How to deduct home insurance costs for rental properties

There are three main situations in which you can write off rental home expenses:

In all three of these situations, you will report your home insurance costs for your rental properties on line 9 of Schedule E (form 1040) if you're doing your taxes by hand.
Line 9 of Schedule E (form 1040)

You own a separate rental home

If you own a home that's only used as a rental property, you can write off the full cost of home insurance for that property.

That's because home insurance is a business expense in this scenario. Landlords can also write off other insurance policies for their rental business, such as an umbrella policy expanding their liability coverage.

You rent out a portion of your own home

You can also deduct a portion of your homeowners insurance if you rent out part of the home you live in. Similar to writing off costs associated with your home office, you'll have to calculate the square footage of your rental space, then figure out what percentage of your home it represents.

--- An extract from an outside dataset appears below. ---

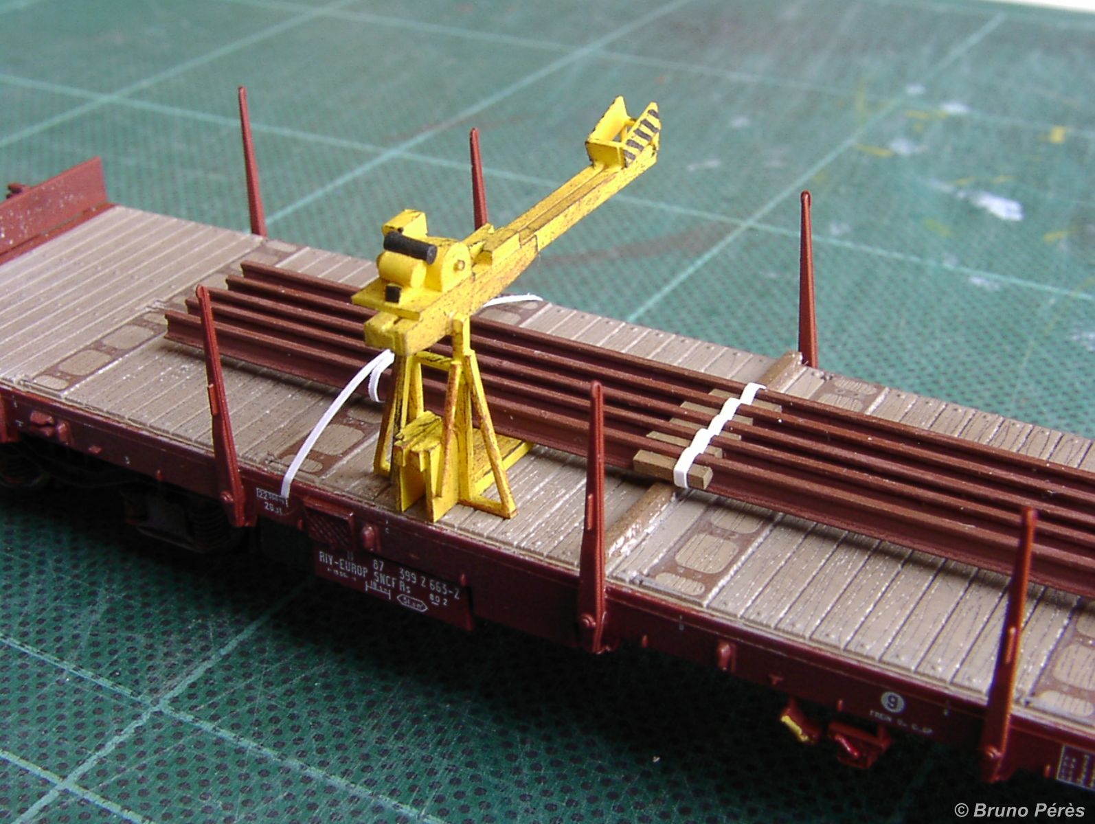 C'est en chantier depuis pas mal de temps déjà, mais il va falloir que je m'y remette puisque, saison aidant, je dispose d'un peu plus de temps. Ils seront déclinés en différentes variantes : avec ou sans moteur, montés ou pied d'un côté et potence de l'autre, version SNCF, ETF ou Colas Rail. Certains seront destinés au décor, d'autre aux chargements, en position de travail ou démontés.

Let's say you rent out a basement apartment in a 2,500-square-foot home. If the apartment is 500 square feet, you can write off 20% of your home insurance bill.

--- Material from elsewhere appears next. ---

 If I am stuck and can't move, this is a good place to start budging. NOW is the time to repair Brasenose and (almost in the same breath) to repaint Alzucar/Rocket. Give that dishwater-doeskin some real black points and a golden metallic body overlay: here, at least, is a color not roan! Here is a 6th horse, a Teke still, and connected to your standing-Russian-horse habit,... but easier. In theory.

You rent out your vacation home while you're away

There are a few important rules that determine whether you can write off some or all of the home insurance costs for your vacation home.

  • You must rent out the vacation home for 14 or more days per calendar year.
  • You must use the vacation home for either less than 14 days or less than 10% of the time that the property is occupied. For example, if you rented out your vacation home for 200 days last year, you would have had to spend less than 20 days in the home.

Figuring out your deductions as a landlord or short-term rental host can be tricky. You should consider working with an accountant to help make sure you're maximizing your deductions and filing an accurate tax return.

How to write off your insurance deductible after a disaster

You generally can't write off damage to your home. However, there is an exception for damage caused by severe weather during a federally declared disaster.

In 2024, the list of federally declared disasters included Hurricane Helene, Hurricane Milton and Tropical Storm Debby, along with several floods, winter storms and wildfires.

If your insurance company pays the full amount to fix your home, you can't write off the amount of the claim settlement on your taxes.

However, if the insurance company only pays for some of the damage, you can write off the difference. This amount may include your homeowners insurance deductible, as well as wear and tear if you have actual cash value coverage on your property.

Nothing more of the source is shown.